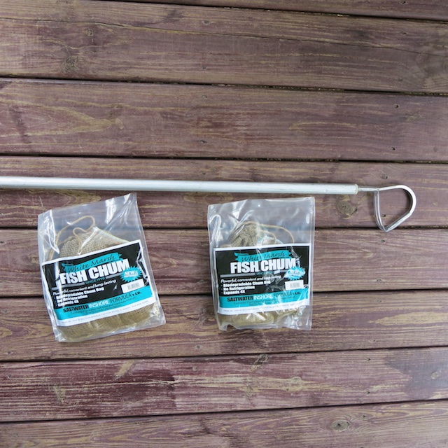 Also have a 3-foot aluminum gaff with hook keeper and nearly 5 1/2 pounds of White Marsh Inshore Chum pellets (four 1# bags and two 10 oz.). These are menhaden meal and oil in burlap bags that work very well in drawing bait and cobia/kings into the slick. The bags are all factory vacuum-sealed. Also throwing in a Shakespeare solid fiberglass fish billyclub. It's a great persuader on a green fish and does wonders busting up bags of ice, too.
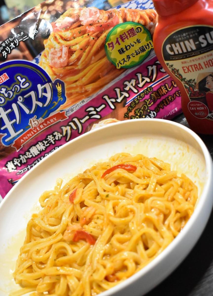 見たらわかる私が絶対好きなやつや!のオーラをびしばし感じるトムヤムクン。パスタ×世界料理は少し前に流行した韓国発のロゼクリームパスタ以来の衝撃かも。トムヤムクンはラーメンとのコラボしかないという思い込みを全力で覆すトムヤムクリームスパゲッティ…しっかり盲点でその手があったか!と心でガッツポーズをしきりに決めました。
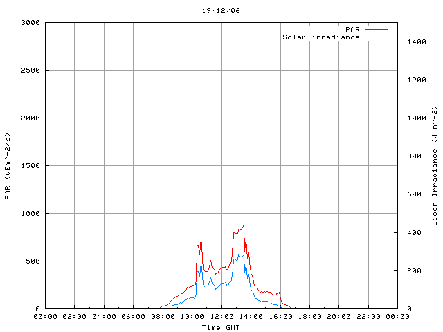 The PML meteorological station, situated on the south-west corner of the building roof, consists of a Hygroclip S3 temperature and humidity sensor housed in a radiation shield, a Mierij Meteo solid state wind sensor (MMW-005), a Chelsea instruments half-hemisphere PAR sensor, a Li-Cor pyranometer (LI-200SZ) and an Omni Instruments 6" tipping bucket raingauge (RG200). The data are logged every 5 minutes using a Pace Scientific XR5 data logger. The real-time rainfall data is likely in error - the correct values will be displayed after a time lag of approximately 24 hours. The meteorological station is sheltered from winds in the north-east and underestimates winds from this quarter. To use these data please contact Dr Tim Smyth.

*-*-*

Task details: The required output is an exact copy of the lines from the start of the material above through the line containing "見たらわかる私が絶対好きなや", inclusive, with no pictures in it.

Solution:
 Also have a 3-foot aluminum gaff with hook keeper and nearly 5 1/2 pounds of White Marsh Inshore Chum pellets (four 1# bags and two 10 oz.). These are menhaden meal and oil in burlap bags that work very well in drawing bait and cobia/kings into the slick. The bags are all factory vacuum-sealed. Also throwing in a Shakespeare solid fiberglass fish billyclub. It's a great persuader on a green fish and does wonders busting up bags of ice, too.
 見たらわかる私が絶対好きなやつや!のオーラをびしばし感じるトムヤムクン。パスタ×世界料理は少し前に流行した韓国発のロゼクリームパスタ以来の衝撃かも。トムヤムクンはラーメンとのコラボしかないという思い込みを全力で覆すトムヤムクリームスパゲッティ…しっかり盲点でその手があったか!と心でガッツポーズをしきりに決めました。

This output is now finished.